Run-Time Native Linking

When starting up and loading a program, the Real-Time Engine dynamically loads the static library and basically links all native methods of your package with the corresponding native methods, class methods and initializers. The Real-Time Engine does this by asking you to provide a C function pointer for each procedure which you declared with 📻. It’s noteworthy, however, that optimizations might cause that not all methods are compiled into the final program and therefore not all native methods your package provides will ever be requested.

We call this procedure Run-Time Native Linking.

As long as you carefully follow semantic versioning – you must do this –, this architecture allows you to incrementally improve your package and allows the user to install minor updates while no program relying on an older version of your package will ever break. Major versions can exist alongside.

Minimal Setup

You’ll want to your package binary of by creating a single source file. The name doesn’t really matter, but it has become a habit to name it after you package. The file in this example will be named crypto.c as the package is named crypto as well.

To get started the API header of the latest Emojicode version is required.

#include "EmojicodeAPI.h"

This header defines Emojicode’s public interfaces you will use. It also includes relevant C standard libraries like stdlib.h, stdio.h, stdbool.h, stdint.h and stddef.h.

If you need to work with Strings and Lists you must also include EmojicodeString.h and EmojicodeList.h respectively. Working with data structures can prove to be difficult, though.

Implementing all provider functions

There are a bunch of functions you must implement or the Real-Time Engine will ultimately crash when loading your package. These are the functions which are used to get the handles to the C implementations of the procedures declared as native, but also a few others.

#include "EmojicodeAPI.h"

PackageVersion getVersion() {
    // Return the version of the package
    return (PackageVersion){0, 1};
}

FunctionFunctionPointer handlerPointerForMethod(EmojicodeChar cl, EmojicodeChar symbol, MethodType t) {
    // Return a function pointer to the corresponding method
    return NULL;
}

InitializerFunctionFunctionPointer handlerPointerForInitializer(EmojicodeChar cl, EmojicodeChar symbol) {
    // Return a function pointer to the corresponding initializer
    return NULL;
}

// Discussed later on, but important

Marker markerPointerForClass(EmojicodeChar class) {
    return NULL;
}

uint_fast32_t sizeForClass(Class *class, EmojicodeChar name) {
    return 0;
}

Deinitializer deinitializerPointerForClass(EmojicodeChar className) {
    return NULL;
}

The purpose of getVersion should be pretty clear: Return the version of the package.
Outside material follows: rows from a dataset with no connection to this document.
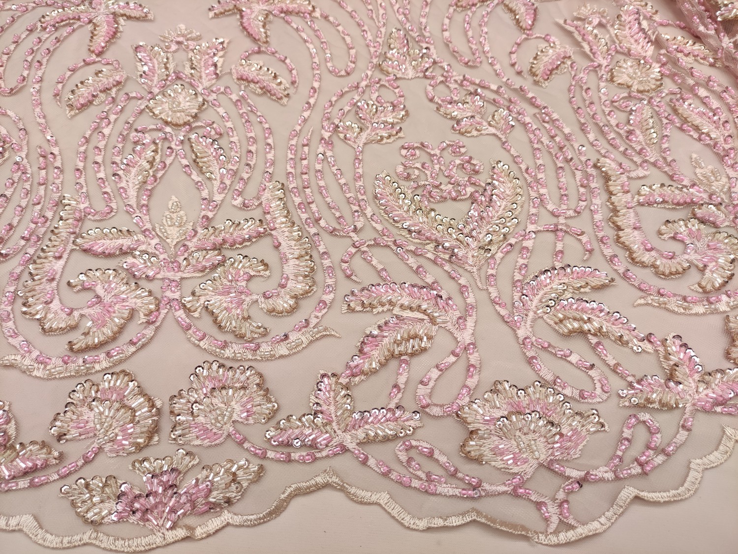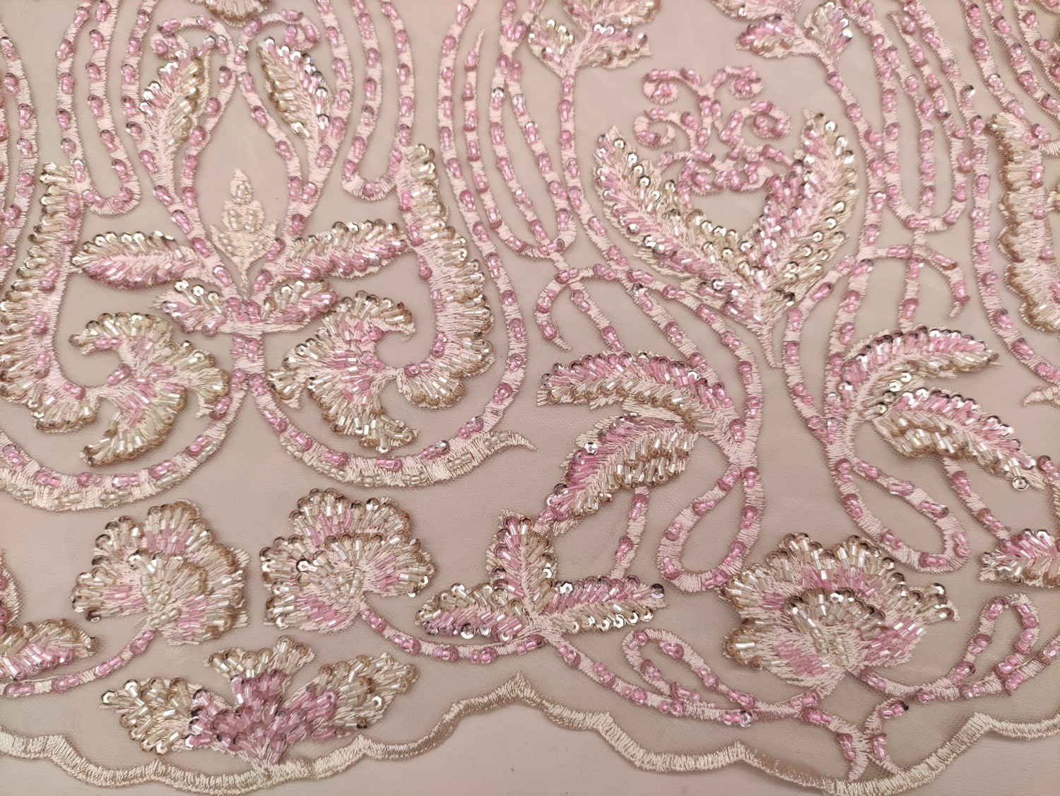 Tessuto tulle mano seta ricamato con pietre – con perle – con paillettes motivo floreale barocco rosa – beige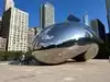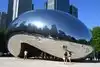 Cloud Gate (The Bean) is a feature sculpture at Millennium Park. It is the work of artist Anish Kappor (2004-06) and is the shape of moving liquid mercury with a perfect reflective surface, allowing visitors to walk around and even under the sculpture, seeing themselves as well as the park and parts of the Chicago Skyline in the background.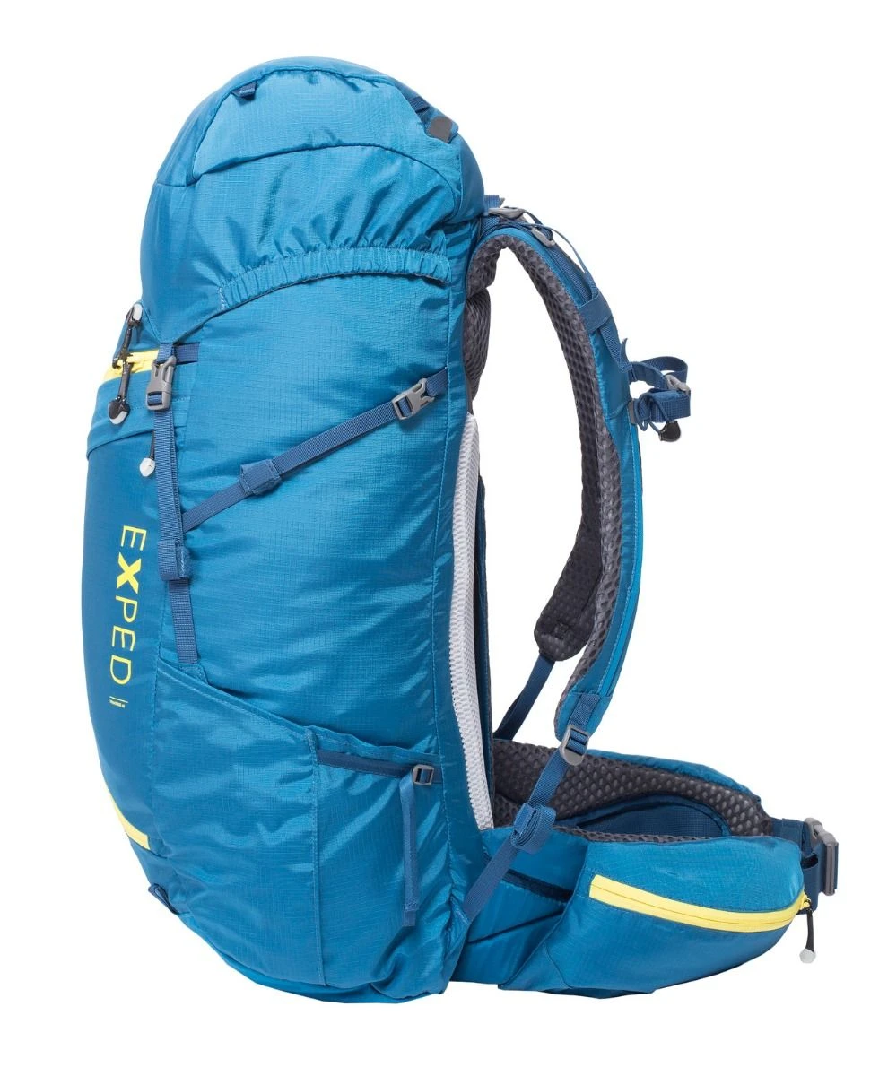 Über die klassische Deckelöffnung und den praktischen Frontzugang ist der ganze Rucksackinhalt schnellstens zur Hand. Verschiedene innen liegende Steck- und Reissverschlusstaschen aus Netzmaterial erleichtern die Organisation und die Übersicht. Die beiden seitlichen Stecktaschen machen Trinkflaschen schnell zugänglich, und in den zwei Reissverschlusstaschen am gepolsterten Hüftgurt finden auch grössere Smartphones und GPS ihren Platz.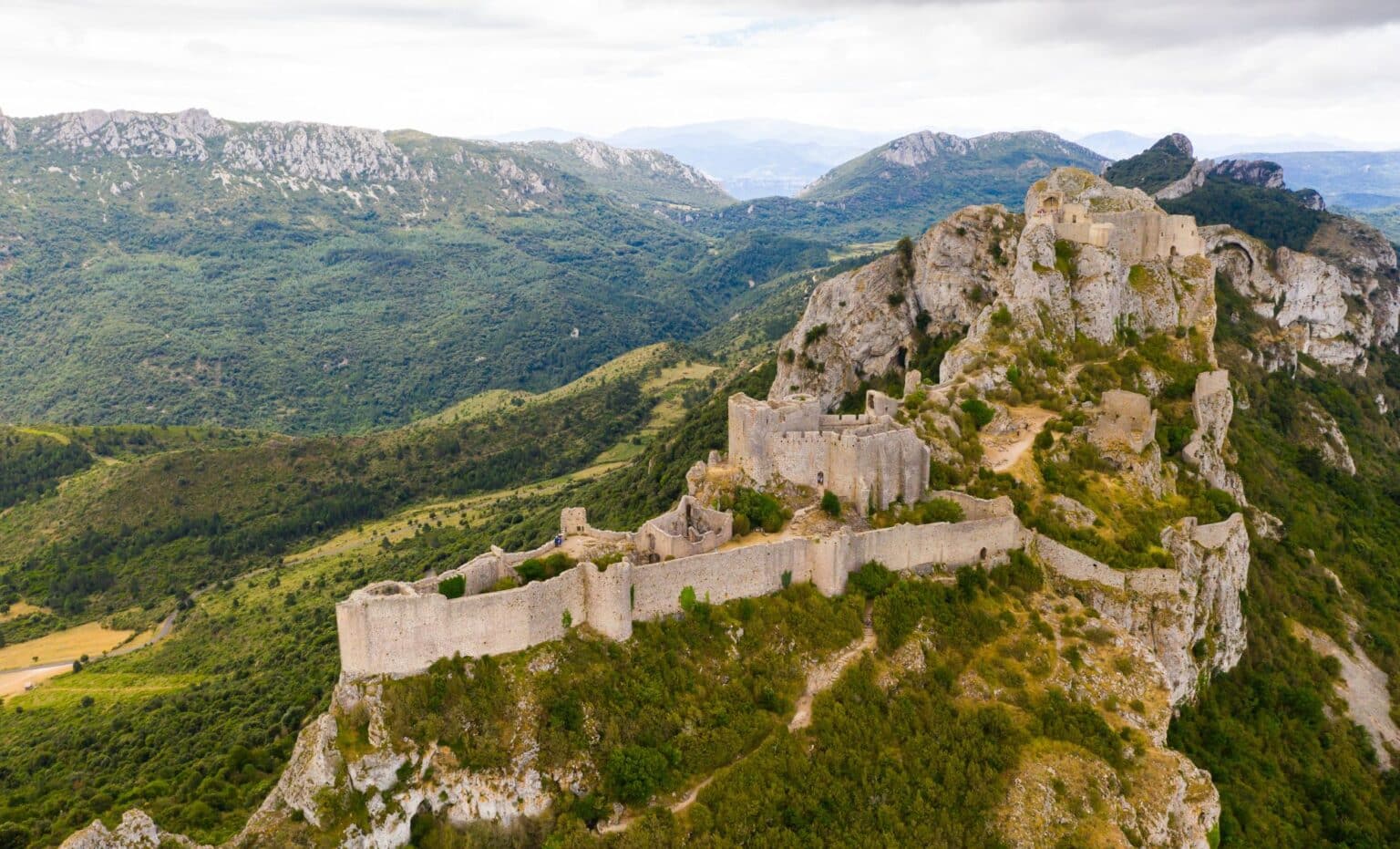 Perché à une altitude de 800 mètres, le château de Peyrepertuse se dresse majestueusement sur une falaise calcaire. Cette merveille de l’architecture médiévale, édifiée sous le règne de Saint-Louis, servait jadis de bastion défensif à la frontière de l’Aragon au XIIIe siècle. Sa conception unique et son histoire captivante font de ce lieu un incontournable pour les passionnés d’histoire.

The Real-Time Engine uses this to verify everything matches. handlerPointerForMethod and handlerPointerForInitializer are called to get function pointers as discussed earlier. Returning NULL should actually never happen, by the way. We’ll analyze how such a handler looks and what it does exactly in a moment. markerPointerForClass, sizeForClass and deinitializerPointerForClass are important too but we’ll discuss them a bit later.

These functions are called provider functions.
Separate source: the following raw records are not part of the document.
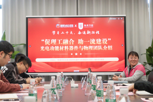 为深入学习贯彻党的二十大精神,不断提升基层党建工作水平,促进党建与业务工作深度融合,2023年3月28日,365上市公司光电功能材料器件与物理研究团队党支部与能源与动力学院驭风排风系统纵向党支部开展了以“促理工融合,助一流建设”为主题的联学共建活动。365上市公司副院长李晋斌,党委委员、“光电”党支部指导教师阚彩侠,能源与动力学院党委副书记樊小杰,副院长、“驭风”党支部指导教师徐惊雷,以及共建支部师生党员40余人参加本次活动。活动由“驭风”党支部教师党员吉嘉慧主持。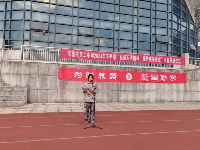 12月2日上午,常德市二中师生齐聚田径场,举行“弘扬宪法精神维护宪法权威”主题升旗仪式。
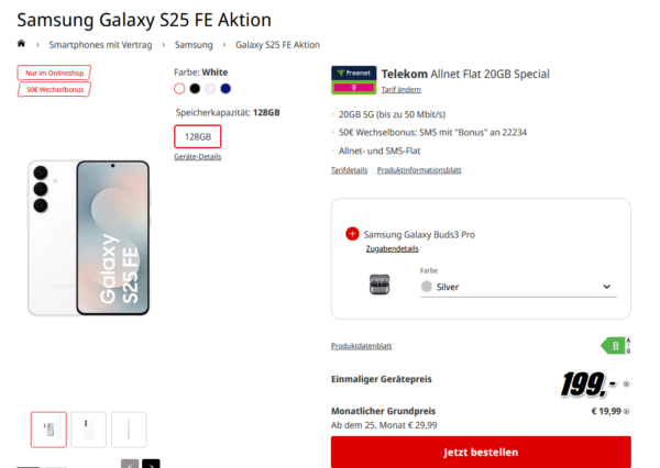 Starker Deal seitens MediaMarkt, dort bekommt ihr das Samsung Galaxy S25 FE + 20GB 5G + Alles-Flat im Telekom-Netz für 19,99€/Monat + Zuzahlungen.
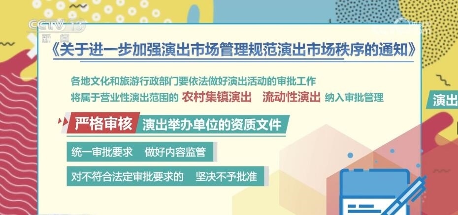 通知指出,各地文化和旅游行政部門要依法做好演出活動的審批工作,將屬于營業(yè)性演出范圍的農(nóng)村集鎮(zhèn)演出、流動性演出納入審批管理,嚴(yán)格審核演出舉辦單位的資質(zhì)文件,統(tǒng)一審批要求,做好內(nèi)容監(jiān)管。對不符合法定審批要求的,堅決不予批準(zhǔn)。文化和旅游行政部門要定期對演出場所進(jìn)行檢查,督促演出場所定期開展設(shè)施設(shè)備檢查,落實安全生產(chǎn)責(zé)任制。督促演出場所建立完善現(xiàn)場巡查制度,指定專人負(fù)責(zé)演出活動的巡查,做好現(xiàn)場觀眾管理,堅決防止擁擠、踩踏等事故發(fā)生,確保演出現(xiàn)場安全。各地文化和旅游行政部門要將社會關(guān)注度高、票務(wù)供需緊張的營業(yè)性演出作為重點監(jiān)管對象,提前進(jìn)行研判。督促演出舉辦單位、演出票務(wù)經(jīng)營單位面向市場公開銷售的營業(yè)性演出門票數(shù)量,不得低于核準(zhǔn)觀眾數(shù)量的70%。對在票務(wù)經(jīng)營中發(fā)現(xiàn)有炒票問題或可能造成不良影響的,應(yīng)當(dāng)及時約談演出舉辦單位和演出票務(wù)經(jīng)營單位,督促整改。要聯(lián)合屬地公安、市場監(jiān)管等部門,依法打擊“黃牛”炒票、虛假宣傳等違法違規(guī)行為,切實保障消費者合法權(quán)益。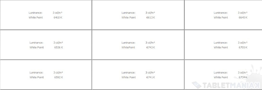 Dobrze o monitorze świadczą pomiary iluminacji. W teście maksymalnego podświetlenia matrycy udało się uzyskać wartość równą 402 cd/m2, która spada do zaledwie 3 cd/m2 przy maksymalnym przyciemnieniu ekranu. Jednocześnie równomierność podświetlenia wynosi 7,9%. Note Pro 12,2″ bije w tej kwestii swojego mniejszego kuzyna z linii Tab Pro. Podobne pomiary zarejestrowano podczas testu iPada Air, którego rozpiętość podświetlenia sięga od 10 do 416 cd/m2. Współczynnik równomierności podświetlenia matrycy w urządzeniu Apple jest jest nieco gorszy, bo sięga 10%.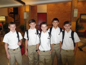 Today, the youngest members of the Brother Martin student body had their first day of school.  The 7th, 8th, & 9th grade students met for Mass in the Branton Chapel and had class level meetings to answer any questions about life on campus.  At the end of the school day, the youngsters got a taste of the Crusader spirit with a pep rally in the Conlin Gym.  The students gathered together to cheer as classmates and learn the fight song.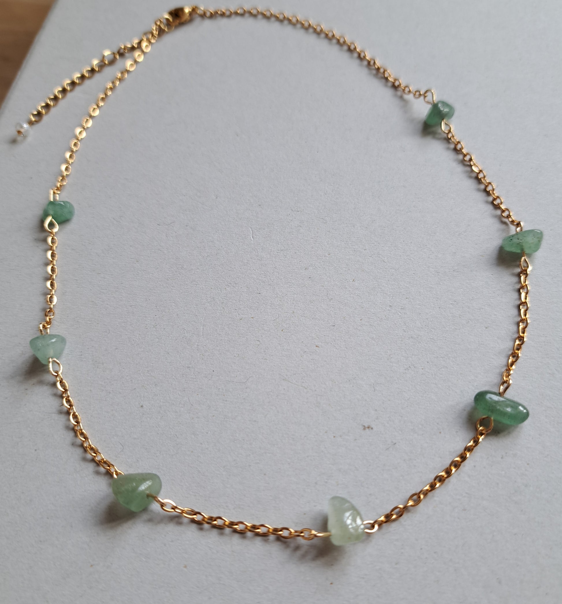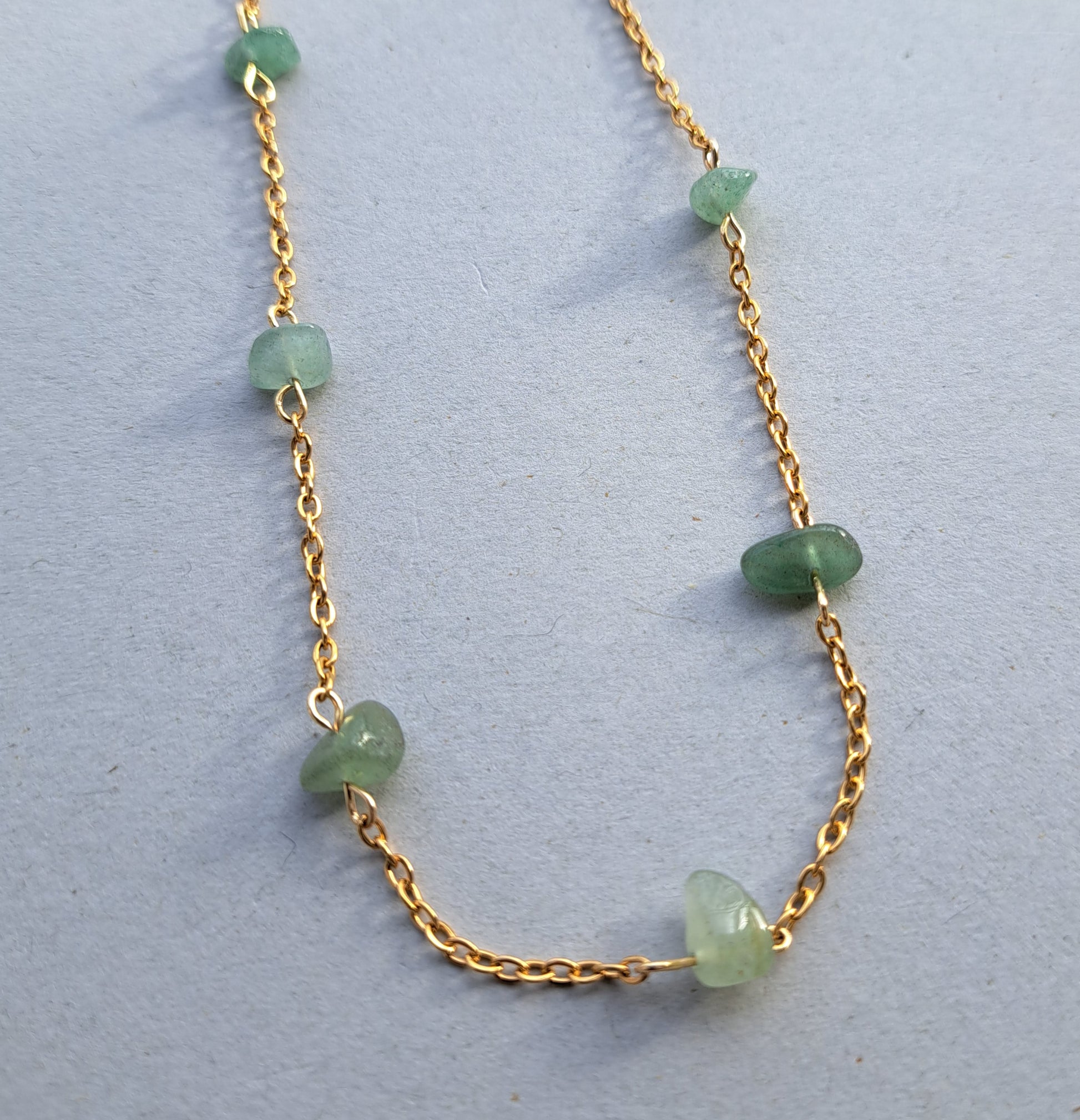 Necklace made of fine gold stainless steel chains and green aventurine beads.

Implementing a handler function

We want to implement a handler function for our crypto package whose header looks like this:

🌍 🐇 📯 🍇
  🌮 Returns the SHA256 hash for the given chunk of data. 🌮
  🐇🐖 📯 data 📇 ➡️ 📇 📻
🍉

We now implement a function to achieve this:

#include <openssl/sha.h>

Something cryptoSHA256(Thread *thread) {
    Object *output = newArray(SHA256_DIGEST_LENGTH);  // 1.
    Data *data = stackGetVariable(0, thread).object->value;  // 2.

    SHA256_CTX sha256;  // 3. OpenSSL API
    SHA256_Init(&sha256);
    SHA256_Update(&sha256, data->bytes, data->length);
    SHA256_Final(output->value, &sha256);

    stackSetVariable(0, somethingObject(output), thread);  // 4.

    Object *obj = newObject(CL_DATA);  // 5.
    Data *outData = obj->value;  // 6.
    outData->length = SHA256_DIGEST_LENGTH;
    outData->bytesObject = stackGetVariable(0, thread).object;
    outData->bytes = outData->bytesObject->value;
    return somethingObject(obj);  // 7.
}

Let’s walk through this function.

  1. First an array which can hold the hash is allocated. It’s very important to differentiate arrays and lists. Arrays are only accessible from C and are never exposed through any Emojicode API. Do not store arrays into any other data structure and do not pass arrays into any functions. Lists are the general purpose sequential data structure that is accessible from Emojicode and are of course implemented using arrays.

    Arrays are often used in C code because they are cheaper then lists and can be used with C APIs as they are just a continuous space in memory.

    Newly allocated arrays are guaranteed to be completely zeroed.

  2. The stack is accessed and the variable at index 0 is retrieved. The stack in Emojicode stores the variables of a procedure call and therefore also the arguments passed to your procedure. The arguments are begin at index 0.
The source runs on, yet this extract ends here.